━━ EXERCISE DATA

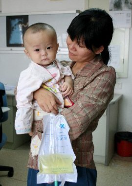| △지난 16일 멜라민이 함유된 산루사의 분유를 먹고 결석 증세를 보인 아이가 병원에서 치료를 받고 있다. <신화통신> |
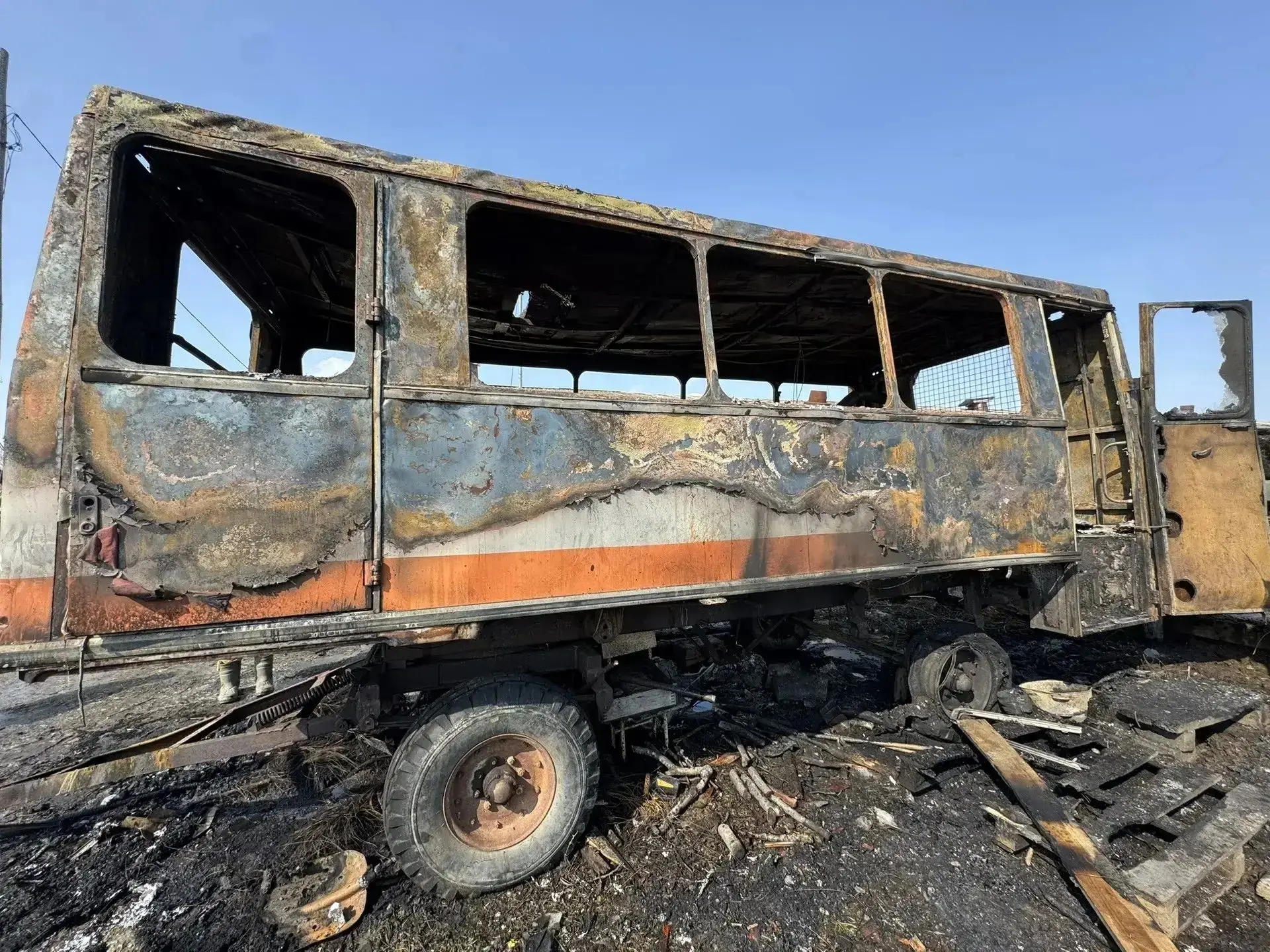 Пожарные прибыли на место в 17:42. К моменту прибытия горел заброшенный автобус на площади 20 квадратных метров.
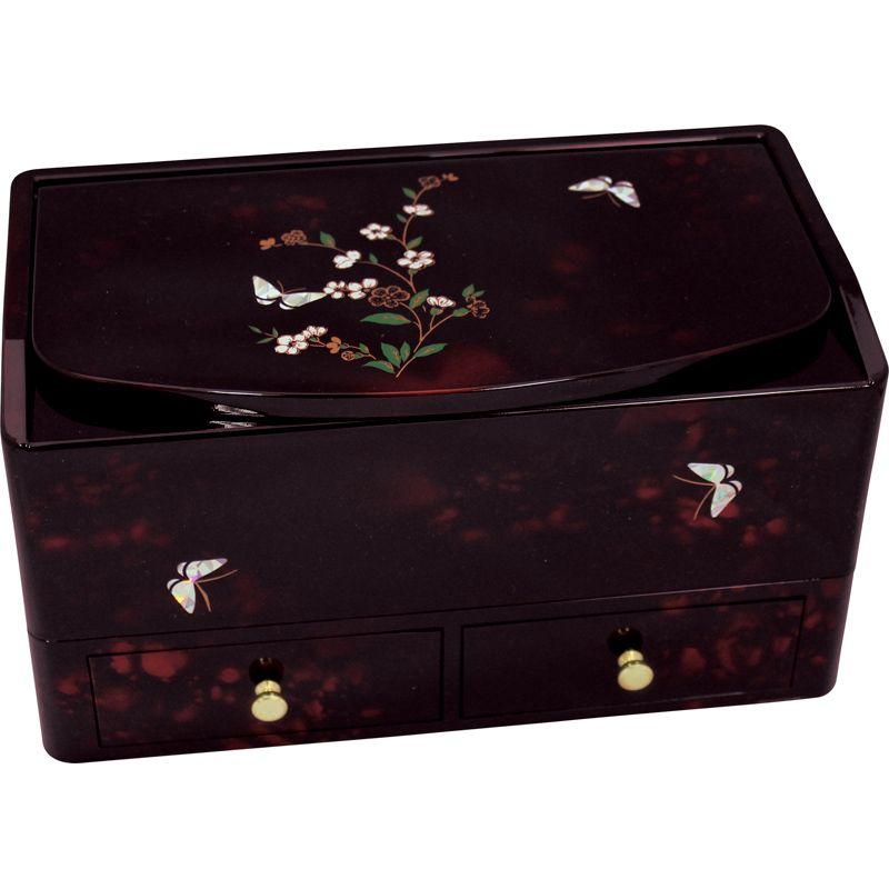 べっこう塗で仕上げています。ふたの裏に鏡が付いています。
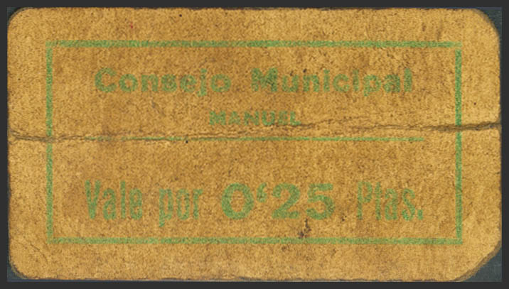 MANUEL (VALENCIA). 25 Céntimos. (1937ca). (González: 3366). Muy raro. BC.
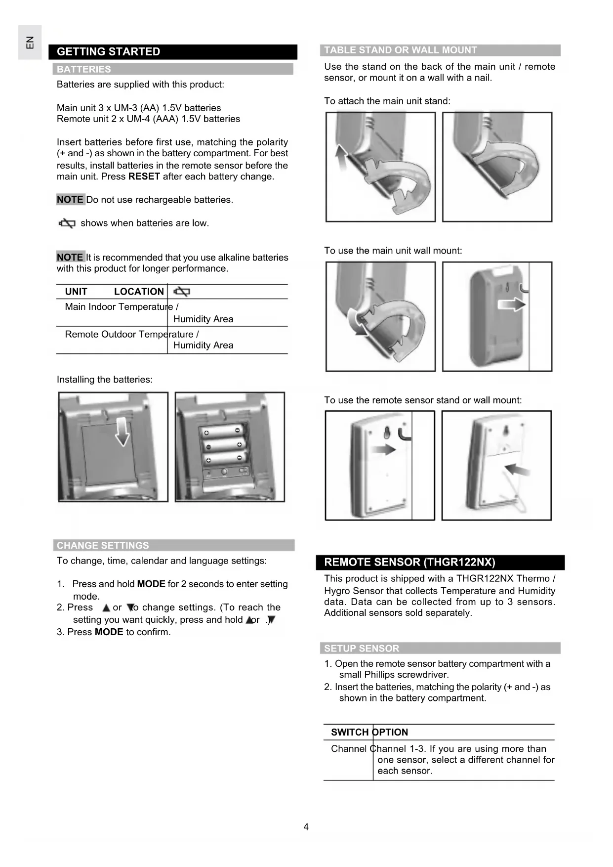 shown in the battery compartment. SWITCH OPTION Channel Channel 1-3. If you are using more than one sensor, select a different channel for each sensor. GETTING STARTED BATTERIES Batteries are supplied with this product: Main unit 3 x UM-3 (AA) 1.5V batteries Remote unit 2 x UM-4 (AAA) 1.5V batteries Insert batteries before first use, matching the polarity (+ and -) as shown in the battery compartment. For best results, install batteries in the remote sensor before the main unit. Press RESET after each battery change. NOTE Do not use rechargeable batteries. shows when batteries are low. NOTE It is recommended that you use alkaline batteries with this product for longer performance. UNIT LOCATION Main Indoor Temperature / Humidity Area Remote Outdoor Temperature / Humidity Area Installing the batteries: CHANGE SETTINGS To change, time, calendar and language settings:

━━━━
━━ EXERCISE DATA

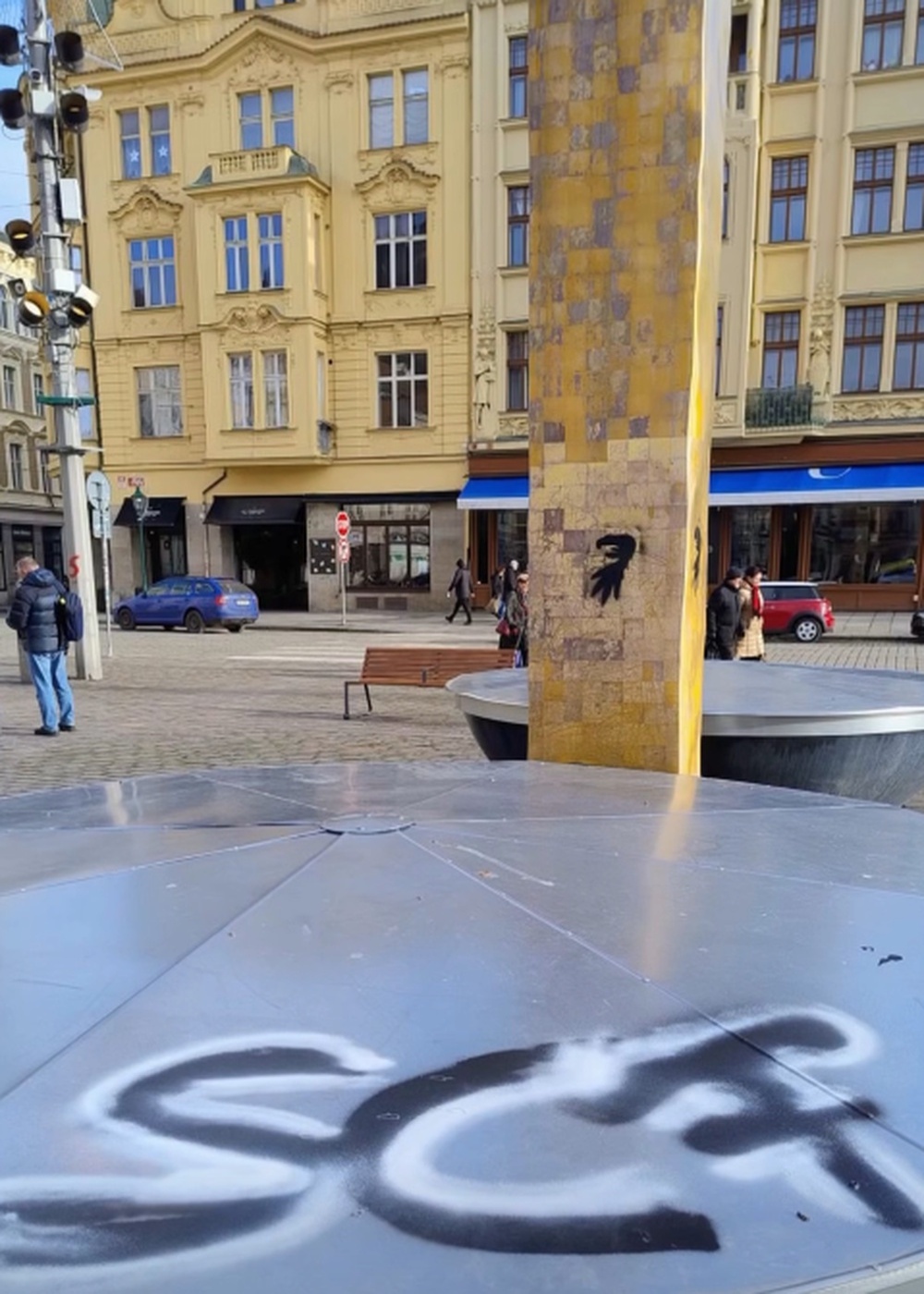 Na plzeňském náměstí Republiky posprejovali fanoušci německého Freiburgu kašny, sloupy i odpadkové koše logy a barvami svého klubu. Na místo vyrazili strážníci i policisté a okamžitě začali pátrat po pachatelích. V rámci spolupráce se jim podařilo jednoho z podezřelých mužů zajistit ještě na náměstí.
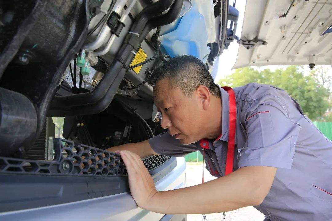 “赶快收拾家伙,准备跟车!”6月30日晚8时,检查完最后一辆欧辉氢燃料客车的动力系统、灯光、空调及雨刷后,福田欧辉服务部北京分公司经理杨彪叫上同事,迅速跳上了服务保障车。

━━━━

**WORK INSTRUCTIONS**.
Set the pictures aside and transcribe exactly the stretch of lines above, beginning with the one holding "Пожарные прибыли на" and ending with the one holding "MANUEL (VALENCIA). 25".

**SOLUTION**.
 Пожарные прибыли на место в 17:42. К моменту прибытия горел заброшенный автобус на площади 20 квадратных метров.
 べっこう塗で仕上げています。ふたの裏に鏡が付いています。
 MANUEL (VALENCIA). 25 Céntimos. (1937ca). (González: 3366). Muy raro. BC.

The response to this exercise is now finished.